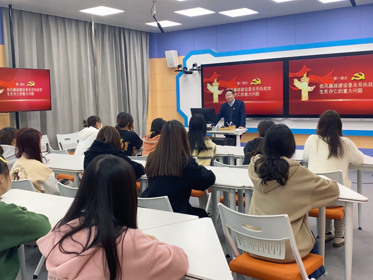 随后,中央储备粮杭州直属库有限公司党支部书记杨永锋同志以《全面贯彻落实党的二十大精神深入推进党风廉政建设和反腐败斗争》为题为经信学院学子开展了廉洁教育专题党课。杨书记强调,要充分认识反腐斗争的严峻性、复杂性、艰巨性和长期性,认真贯彻党的二十大精神,深化标本兼治、系统治理,一体推进不敢腐、不能腐、不想腐,牢牢构筑反腐倡廉的坚实防线。青年是国家的未来,民族的希望。作为大学生,要树立廉洁的理念,踏实做人,廉洁做事,提高自身的法律意识,严格遵守国家法律法规和学校的各项规章制度,为全面建设社会主义现代化国家积蓄青春力量。
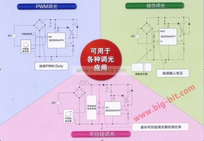 其主要特點(diǎn)是:可進(jìn)行可控硅/PWM/線性調(diào)光。適用于各種調(diào)光應(yīng)用(調(diào)光比0.2%-100%);內(nèi)置緩沖功能,照度變化平穩(wěn)(可選擇有緩沖、無緩沖);通過LED平均電流控制,可針對輸入電壓、輸入電壓變化,控制相應(yīng)的LED電流。這種對應(yīng)可控硅調(diào)光的LED照明用驅(qū)動IC可用于兼容調(diào)光器的燈泡型LED照明、兼容調(diào)光器的LED筒燈照明和兼容調(diào)光器的LED基礎(chǔ)照明。
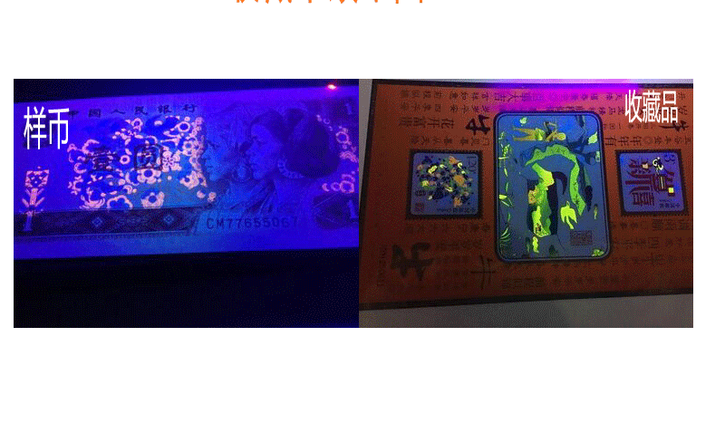 【收藏用途】主要用于鉴定观察现在比较流行的三四五版荧光纸币如:桃花红 幽灵绿 黄金甲等
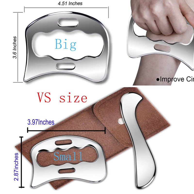- RELIEVE PAIN: gua sha stainless steel use the double-beveled edges to relief for muscle pain soreness after exercise out, accelerate blood circulation,Release lactic acid accumulation and fascial adhesion caused by muscle tension,faster recovery times.
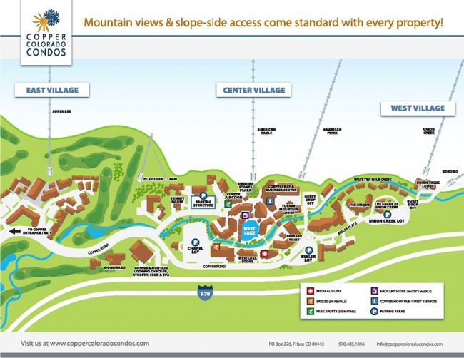Take US-24 West for approximately 65 miles. Turn right onto CO Highway 9 traveling North continuing through Fairplay and Alma over Hoosier Pass. CO Highway 9 becomes Main Street in Breckenridge. Follow Main Street North through the roundabout continuing on Highway 9 to Frisco. Turn left at the light at Frisco Main Street. Continue through Frisco toward I-70, and turn left onto I-70 West. Go 6 miles to the Copper Mountain/Leadville exit #195. Take exit #195 over the bridge and turn right at the first stoplight onto Copper Road.
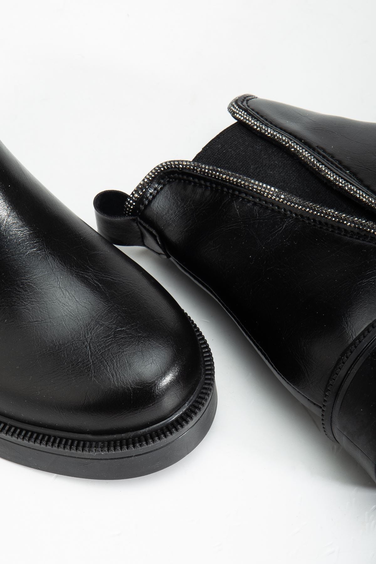 Thenar Siyah Kırışık Rugan Taş Aksesuarlı Lastikli Kadın Bot
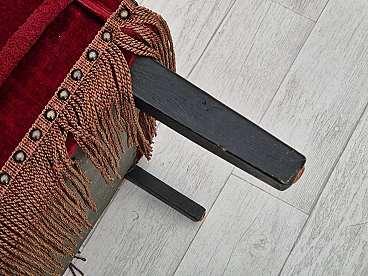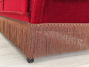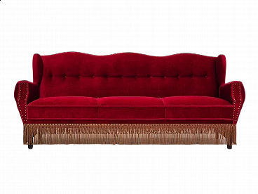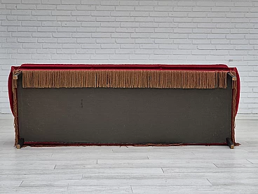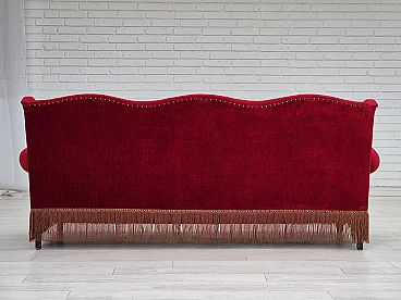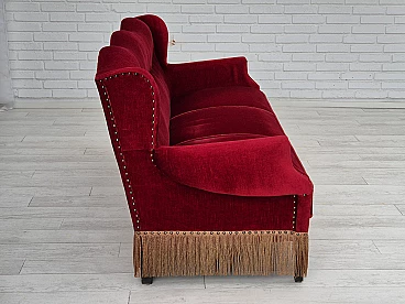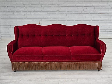 Three-seater sofa made in Denmark circa 1960s. Oak legs and cherry red velvet upholstery with tassels. Springs in the seat. Very good original condition, free of odors and stains.
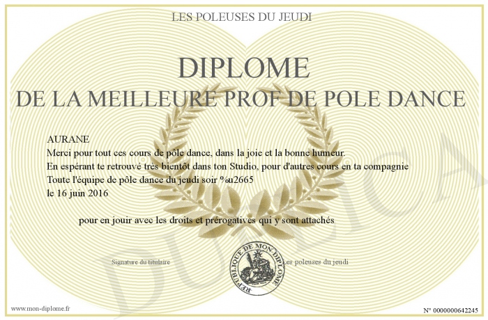 Envoyez par email votre Diplôme de la meilleure prof de pôle dance personalisé
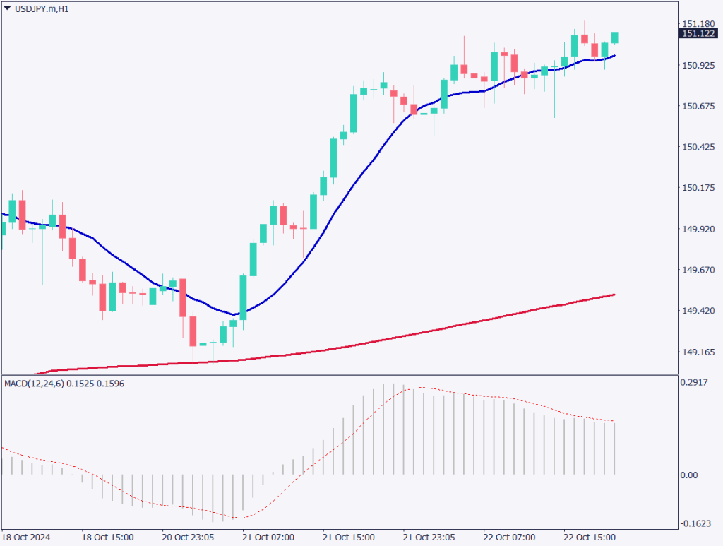 1時間足のドル円チャートを分析する。ドル円は10MAが支持線になっていることが確認できる。これは強いトレンドが発生している証拠となる。現在、151.12円付近で推移しており、上昇基調を維持している。
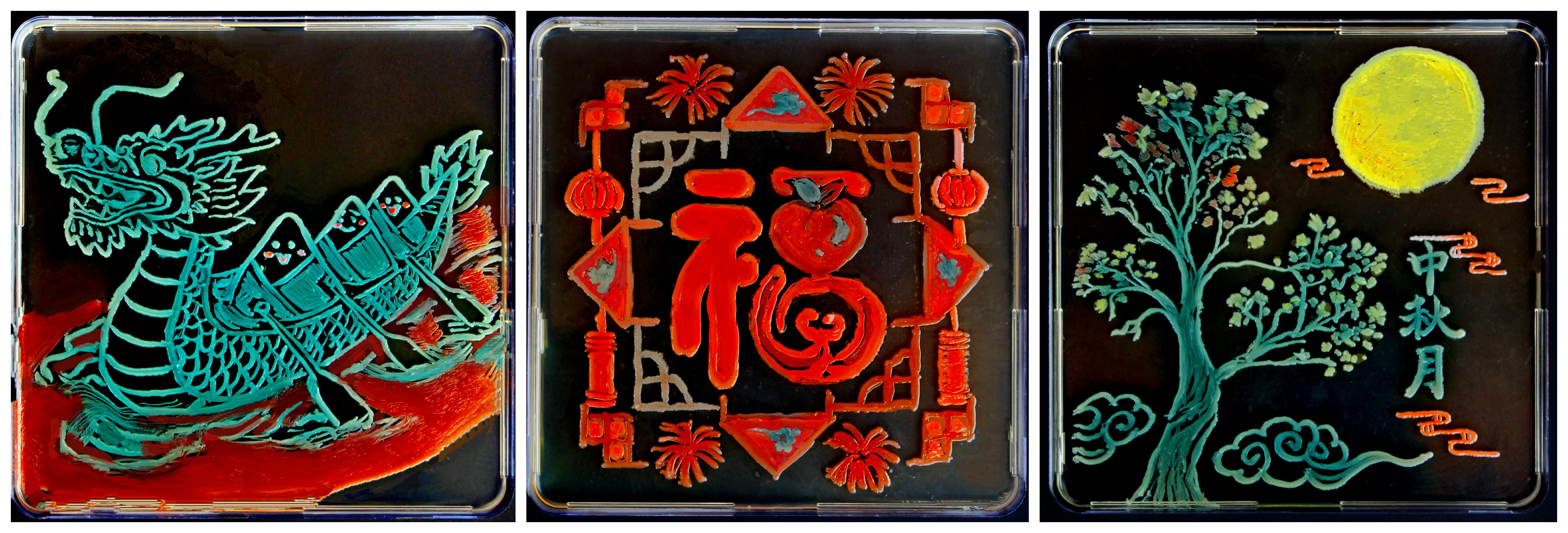 “菌绣山河队”由生物工程专业23级刘佳乐、张宇等同学组成。为打造参赛作品,团队在史振平老师的悉心指导下,历时两个月潜心钻研,从海洋微生物菌株的筛选、培养条件的优化,到艺术构图的设计、显色效果的调控,每一个环节都凝聚着团队的智慧与汗水。作品《福州月——三重礼赞》以微生物生长形成的独特纹理为“画笔”,其中,福字象征吉祥,以菌落“书写”而成,寓意生命繁衍与福气生长,体现“福泽绵长”的传统祝福;龙舟以动态菌落模拟竞渡场最,既呼应端午节的活力,又暗喻微生物世界如龙舟般奋勇向前,充满生机,展现自然之力与文化精冲的共鸣;桂花代表丰收与高洁,通过微生物的精细生长,传递“桂子飘香”的美好意境,隐喻自然界的微观奇迹。评委们高度评价该作品“将微生物的生命力转化为艺术语言,让科学之美可触可感”。
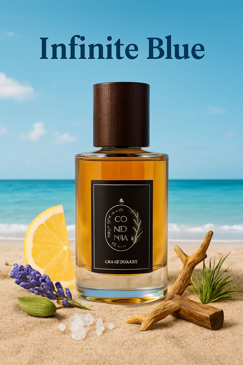 Infinite Blue embodies the serenity of the ocean and the strength of the horizon. It opens with crisp marine and citrus notes that evoke freshness and clarity, followed by a refined heart of lavender, cardamom, and vetiver. The base blends incense, vanilla, and woods for a warm, lingering depth.
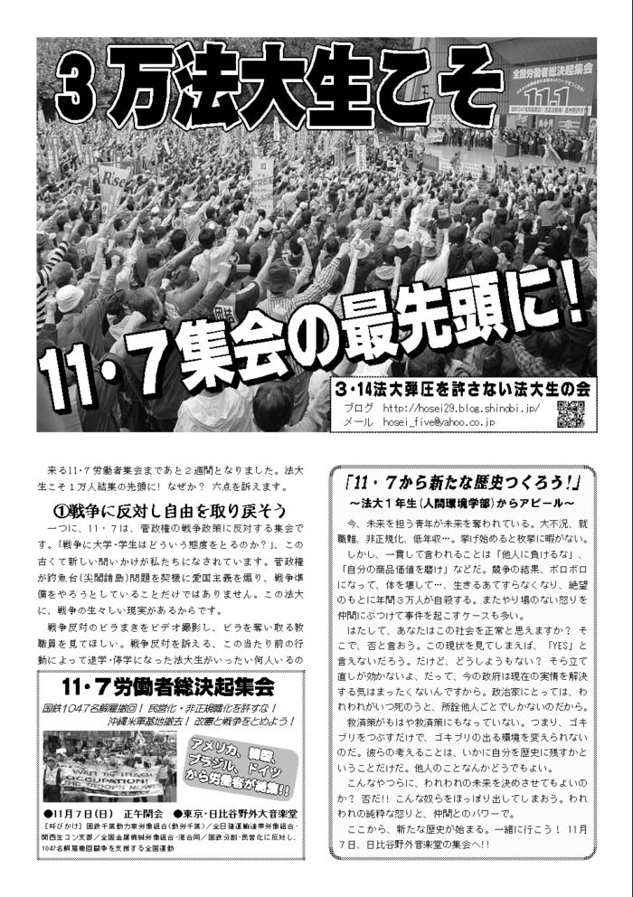 法大生は11・7労働者集会に集まろう!
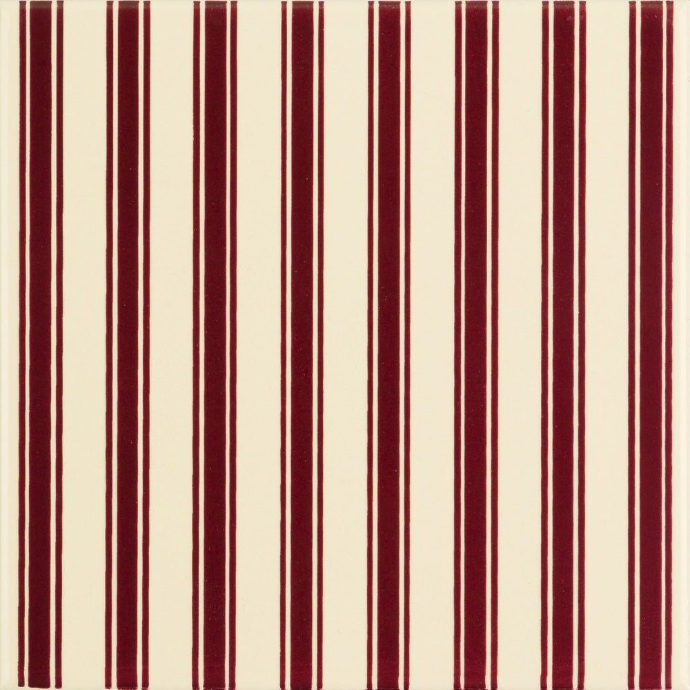 Regency Stripe in Burgundy on County White features a deep, rich burgundy stripe set against a clean County White background. The tile measures 152 x 152 x 7 mm, made of decorated ceramic with straight edges.
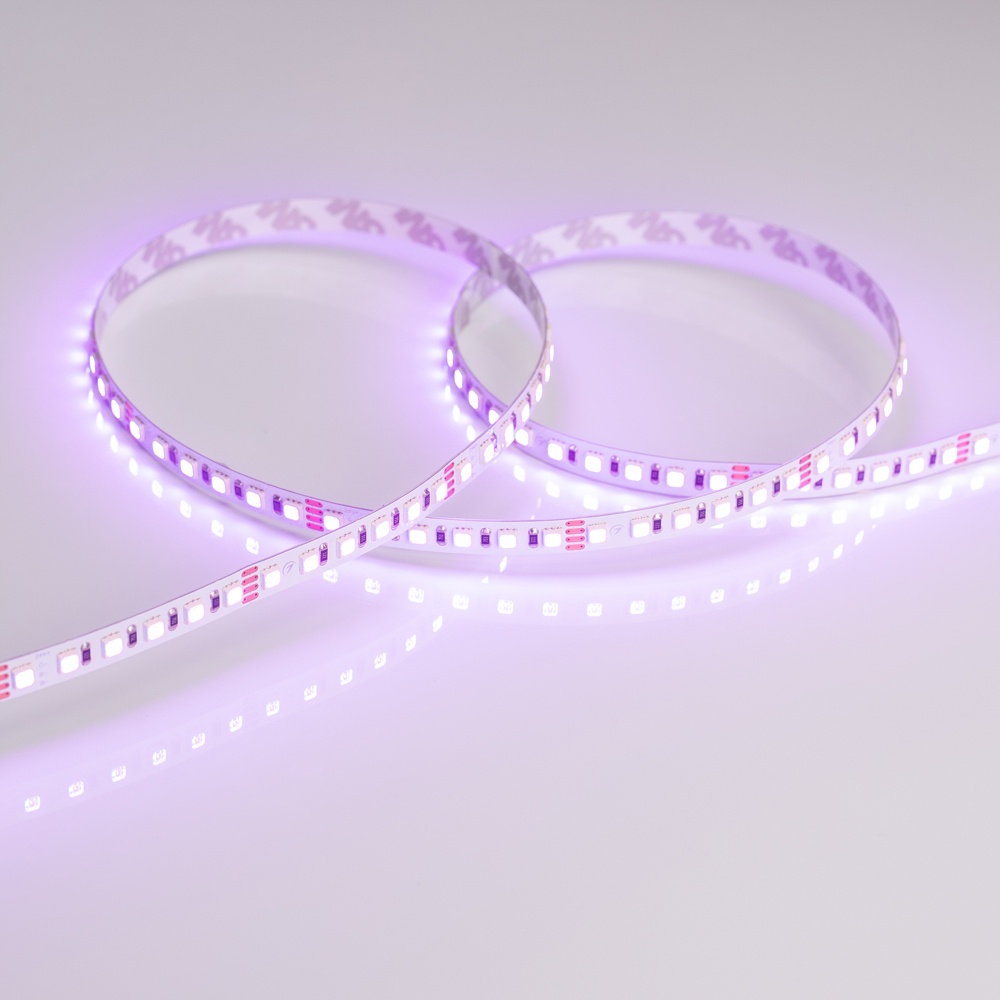 Мультицветная лента LUX шириной 8 мм с RGB-светодиодами SMD 3838 (120 шт/м). Мощность 11 Вт/м, напряжение питания 24 В. Плотная установка светодиодов позволяет скрыть видимость точек светодиодов в профиле небольшой глубины с матовым экраном. Управляется RGB-контроллером. Мультицветная подсветка ниш, декора. Световые линии с изменяемым цветом свечения. Минимальный отрезок 50 мм (6 светодиодов).
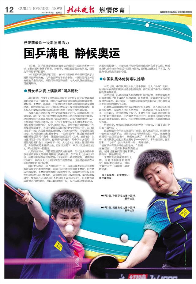 这是樊振东今年首次闯进单打决赛。进入奥运年后,前世界第一表现依旧起伏不定,世界排名已下滑至第四位。不过,在奥运会前最后一站国际比赛中,樊振东上演了“王者归来”。晋级过程中,面对状态上佳的三名主要对手——李尚洙、卡尔德拉诺、张本智和,“小胖”总共只丢掉一局,表现回勇。“能赢下来有很多可总结的地方。”樊振东赛后说,“还有很多细节需要加强,能通过比赛找到目标和努力的方向,就是最好的。”
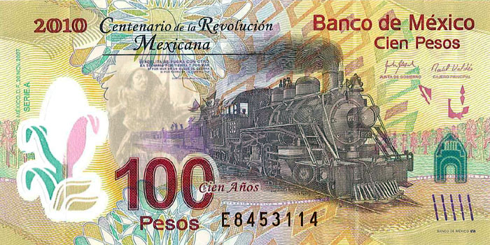 Bankbiljet, uitgegeven in 2010 ter gelegenheid van de Mexicaanse Revolutie die honderd jaar daarvoor begon. Op het biljet van 100 Pesos (iets meer dan 5 euro) is locomotief 279 afgebeeld, een 2-8-0 smalspoorlocomotief die een rol bij de revolutie heeft gespeeld. Deze loc is thans te bezichtigen in een spoorwegmuseum te Cuautla (ten zuidwesten van Mexico City) en is bedrijfsvaardig. De loc heeft ook een rol gespeeld in de film 'Bandidos'. Collectie Gérard van Teeffelen.
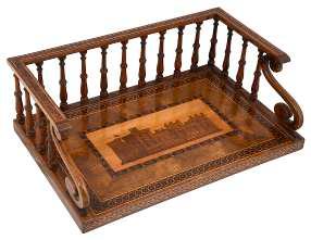 three quarter turned spindle gallery with scroll ends, the top rail inlaid with micromosaic border, the base inlaid with a mosaic panel depicting the State Apartments, Windsor Castle within geometric and walnut banded borders, height 13.5cm. length 38.5cm, depth 25cm £200-£300
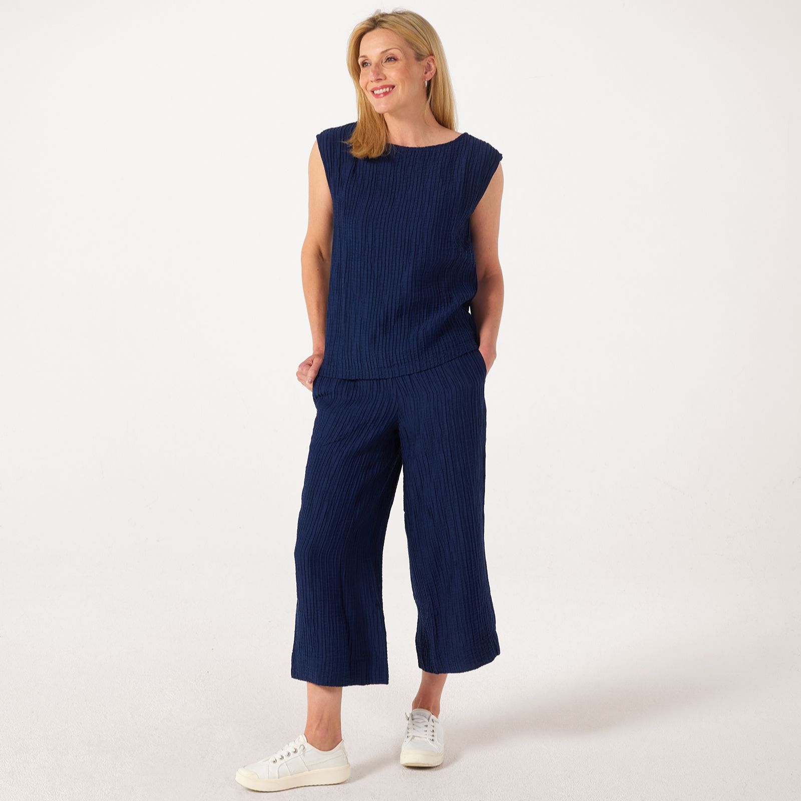 Discover effortless elegance with the MarlaWynne Textured Crinkle Fabric Shell Sleeveless Top. This chic and versatile piece features a loose-fitting design with a stylish bateau neckline and cap sleeves, perfect for warm weather or layering under your favourite blazer. The textured crinkle fabric adds a unique touch to your wardrobe, ensuring you stand out on any occasion. Pair it with tailored trousers for a sophisticated look or with jeans for a casual day out.

TASK PROMPT: Each line from the one containing "three quarter turned" through the end of the listing is to be set down exactly, with all pictures left out.

RESPONSE:
 three quarter turned spindle gallery with scroll ends, the top rail inlaid with micromosaic border, the base inlaid with a mosaic panel depicting the State Apartments, Windsor Castle within geometric and walnut banded borders, height 13.5cm. length 38.5cm, depth 25cm £200-£300
 Discover effortless elegance with the MarlaWynne Textured Crinkle Fabric Shell Sleeveless Top. This chic and versatile piece features a loose-fitting design with a stylish bateau neckline and cap sleeves, perfect for warm weather or layering under your favourite blazer. The textured crinkle fabric adds a unique touch to your wardrobe, ensuring you stand out on any occasion. Pair it with tailored trousers for a sophisticated look or with jeans for a casual day out.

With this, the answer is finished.